The exhibition brings together a selection of around fifty pieces that illustrate the career of Joan Brossa as a poet, playwright and visual creator, highlighting his key role in the development of experimental poetry and the performing arts. The works show how Brossa transformed visual language into a poetic tool to subvert and resist the repression of the Franco regime. This is the first time that the exhibition has travelled outside Catalonia, in a tour that responds to the Fundació Joan Brossa's desire to project the figure and work of the poet internationally.

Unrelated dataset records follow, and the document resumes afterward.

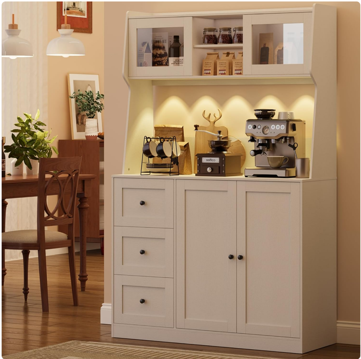
Image: The GarveeHome 66-inch Kitchen Pantry Cabinet, showcasing its design and functionality within a home environment.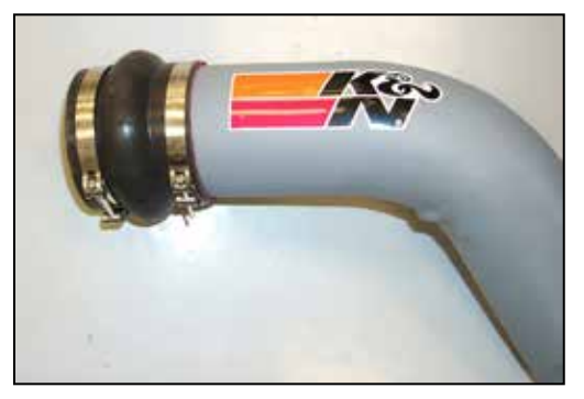
15. Install the silicone step hump hose and hose clamps onto K\&N^{\mbox{\tiny $\$$}} intake tube as shown.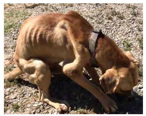
Ben, a young dog who was intentionally shot in the leg & abandoned starving, suffering and painful, now in a wonderful home where he is greatly loved.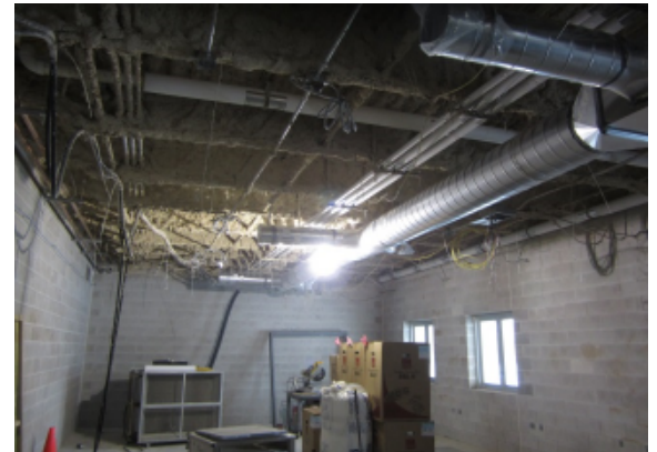
Music Room MEPF Rough – Area D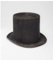
Textile: Miniature top hat belonging to Charles S. Stratton (EL 1988.111.001)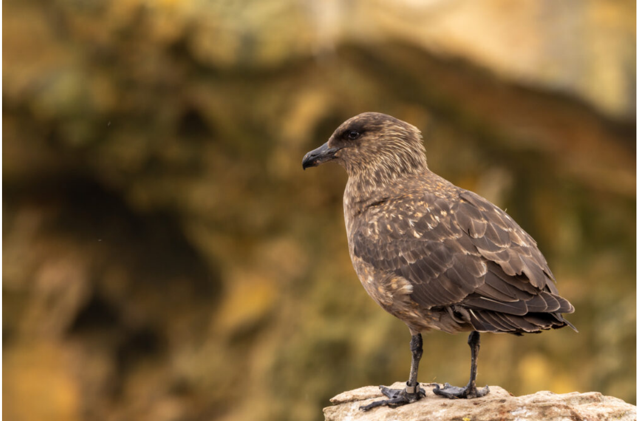
Brown Skua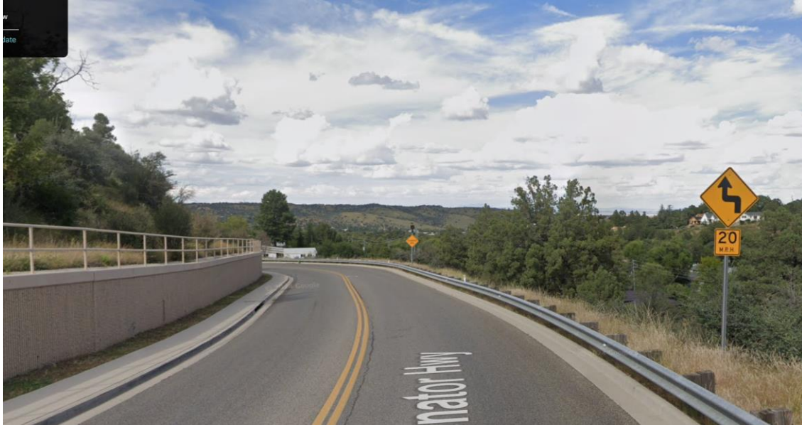
NB Senator Hwy. approaching Mt. Vernon - Warning Signs and Beacon

Until September 30, the exhibition will be on view, born from the fascination that the figure of Joan Brossa continues to arouse today, and aims to give him a voice through his artistic and poetic legacy. Based on twelve major areas that define the multiple dimensions of his literary and visual production, the exhibition invites visitors to delve into Brossa's universe, where poetry transcends paper and materializes in diverse forms such as poetic prose, stage poetry, visual poetry, the object poem or more conventional literary poetry.

This journey through some fifty pieces—including object poems, visual compositions, publications and documentary materials—offers a profound insight into how Brossa conceived of art as a tool of resistance and liberation. In a historical context marked by the political and cultural repression of Francoism, Brossa's work presents itself as a radical response: an exploration of language and form as instruments to transcend the limits of thought and escape the suffocating reality that surrounded him.
The exhibition not only vindicates his major contribution to experimental poetry and the artistic avant-garde, but also challenges the contemporary public with the validity of his message. In short, it is a tribute to a creator who made art a form of life and freedom, opening new paths for the word and image in Catalan culture and beyond.